Home NewsBusiness News FGN Securities up 19.9% to N10.2trn, as states decline 5%

FGN Securities up 19.9% to N10.2trn, as states decline 5%

by Ikenna Ngere
Pension

Pension Funds Administrators (PFAs) expanded their investments in less risky asset class, mainly Federal Government securities, in the first quarter of 2023, Q1’23, amidst fears of uncertainty associated with the last 2023 general election coupled with low yield in equities market.

Government securities are associated with less risk as they are secured by the Central Bank of Nigeria, CBN, but the return is aligned with the apex bank’s benchmark interest rate, Monetary Policy Rate, MPR.

In the contrary equity investment window, though has higher returns potentials, is considered more risky as its performance is determined by market sentiments on many endogenous and exogenous economic factors.

Vanguard’s findings from the latest data released by National Pension Commission, (PenCom) shows that the PFAs’ investments in Federal Government Securities went up Year-on-Year, YoY, by a huge 19.9% to N10.2 trillion in  Q1’23 from N8.5 trillion in the corresponding period of 2022.

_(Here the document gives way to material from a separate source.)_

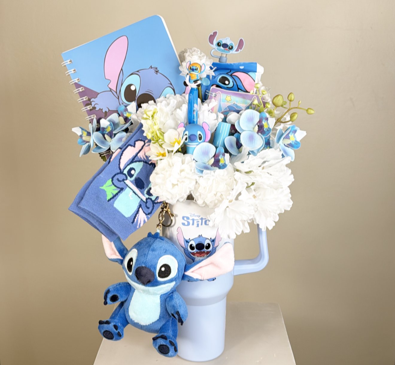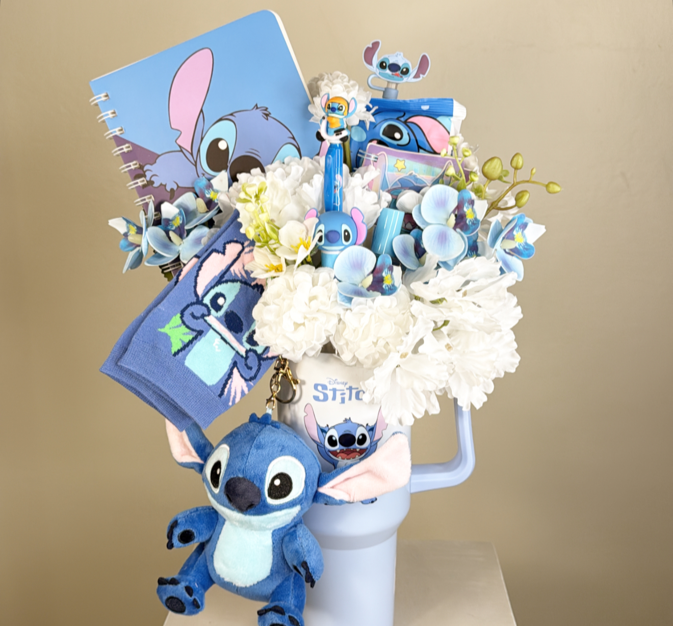 كوب ستيش حافظ للحراره بغطاء وعود ومزين بالورد الصناعي .٢ مفكره تدوين ستيش .قلم - صمغ ستيش .عطر ستيش .جوارب ستيش .ميداليه قطنيه ستيش .مناديل مبلله ستيش .شعار اكرليك حسب المناسبة .كيس وكرت اهداء خاص بالمناسبه .

Though PFAs’ interest in equities which has high risk trended up also  during Q1’23 but at slower rate of 9.6 percent to N1.2 trillion, against the N1.1 trillion recorded in the corresponding period of 2022.

However, PFAs investment in state government securities went down slightly by 5.0 percent to N162.2 billion YoY as against N171.6 billion in 2022.

Commenting on this development, analyst and Executive Vice Chairman, Highcap Securities Limited, David Adonri, said: “The greater investment in FGN Bond were attributed to fears by the PFAs with regards to the uncertainties around the 2023 general election.    Statistics of the past had shown that  during general elections in Nigeria, the equities market suffer most because of uncertainties in the political space.

“The rise in PFA investment in government bonds is also attributable to safety and interest rate in fixed income. Attention of institutional investors also shifted to debt where FGN was active. “Perhaps also, PFAs were reducing their exposure to equities, following rate hike by the CBN. With the recent rate hike by CBN and fragile global economy, the possibility is high that financial assets will generally migrate to the safety of debt”.

In his own reaction, the Chief Executive Officer, APT Securities & Funds Limited, Mallam Garba, said: “PFAs reduced their investment in equities due to profit taking. Also you know that equities investment has higher risk than fixed income investment.  So PFAs may have reduced investment in equities for fear and uncertainty of the last general election.

“Furthermore, the rise in MPR from 11.50 per cent to 14 percent during the period under review,  also attracted many of the investments to fixed income instruments.

“However, after the election, the equities prices started attracting more investments especially as the inflation rate keep going up which will make investment in fixed income yield negative returns.”